-------- Source data

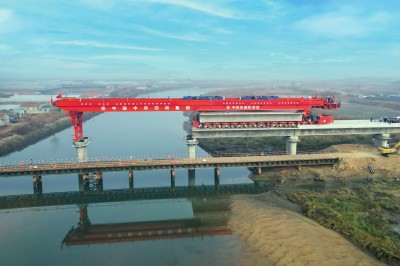 12月17日,随着跨乳山河特大桥首榀箱梁架设完成,中铁四局七分公司莱(西)荣(成) 铁路ZQSG-2项目部开始第二阶段箱梁架设,累计架设完成箱梁107榀,率先突破架梁百榀大关。
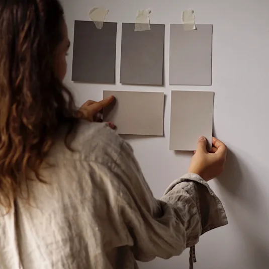 Oppdag tekstur og farge med våre håndlagde fargeprøver. Kjenn på de taktile overflatene, se forskjellen i finish og opplev de støvede, skandinaviske fargene.
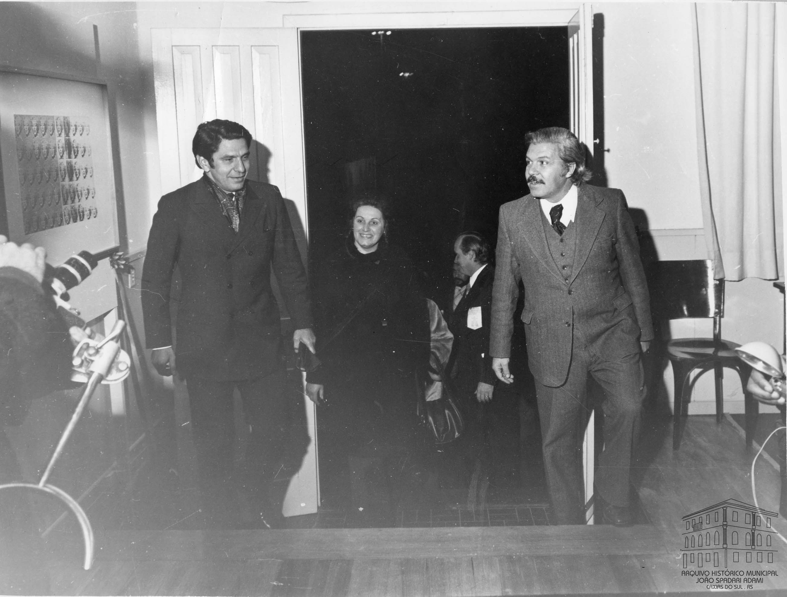 Solenidade de abertura da 1ª Exposição do Museu de Arte Didacta. À direita, Prefeito Mário Bernardino Ramos e, ao centro, Santina Barp Amorim, Secretária Municipal da Educação e Cultura.
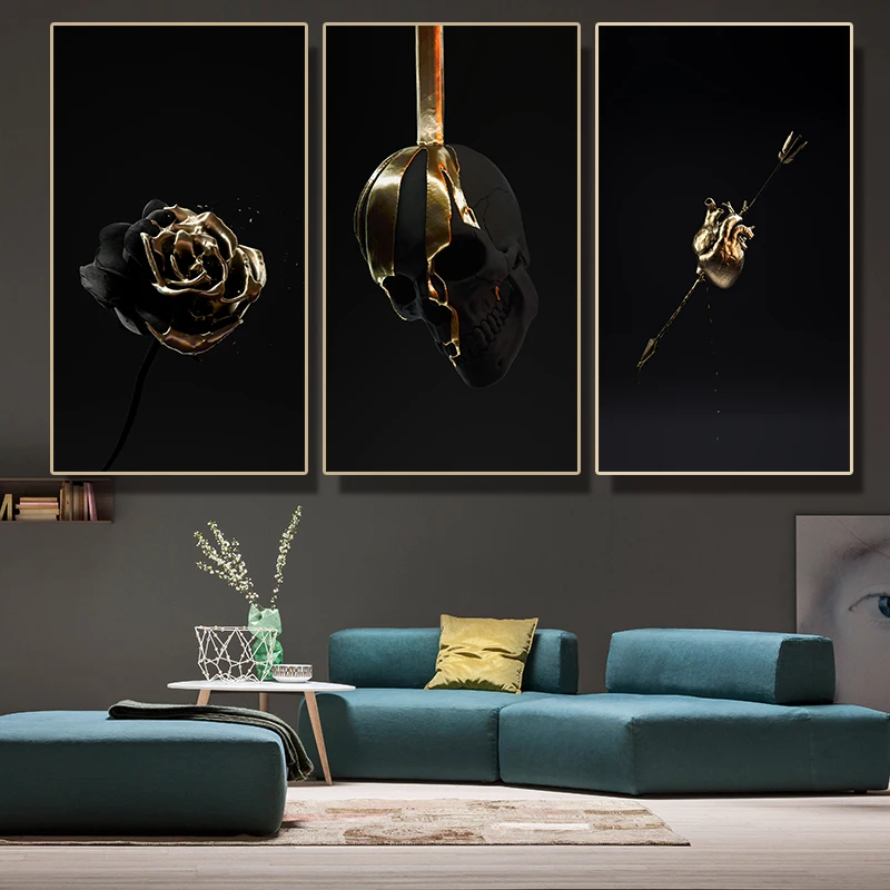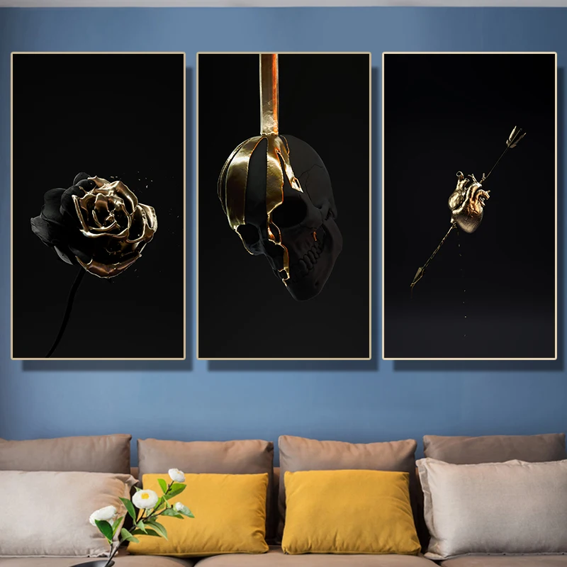 Холст печать плакаты черный и золотой розовый череп, сердце современное искусство живопись Гостиная Hoom Декор HD Европа абстрактная Настенная картина Классическая легкая роскошная прикроватная картина на заказ

----------------

Task item: Give the complete material again, exactly as written. Do not include the pictures.

Response area:
 12月17日,随着跨乳山河特大桥首榀箱梁架设完成,中铁四局七分公司莱(西)荣(成) 铁路ZQSG-2项目部开始第二阶段箱梁架设,累计架设完成箱梁107榀,率先突破架梁百榀大关。
 Oppdag tekstur og farge med våre håndlagde fargeprøver. Kjenn på de taktile overflatene, se forskjellen i finish og opplev de støvede, skandinaviske fargene.
 Solenidade de abertura da 1ª Exposição do Museu de Arte Didacta. À direita, Prefeito Mário Bernardino Ramos e, ao centro, Santina Barp Amorim, Secretária Municipal da Educação e Cultura.
 Холст печать плакаты черный и золотой розовый череп, сердце современное искусство живопись Гостиная Hoom Декор HD Европа абстрактная Настенная картина Классическая легкая роскошная прикроватная картина на заказ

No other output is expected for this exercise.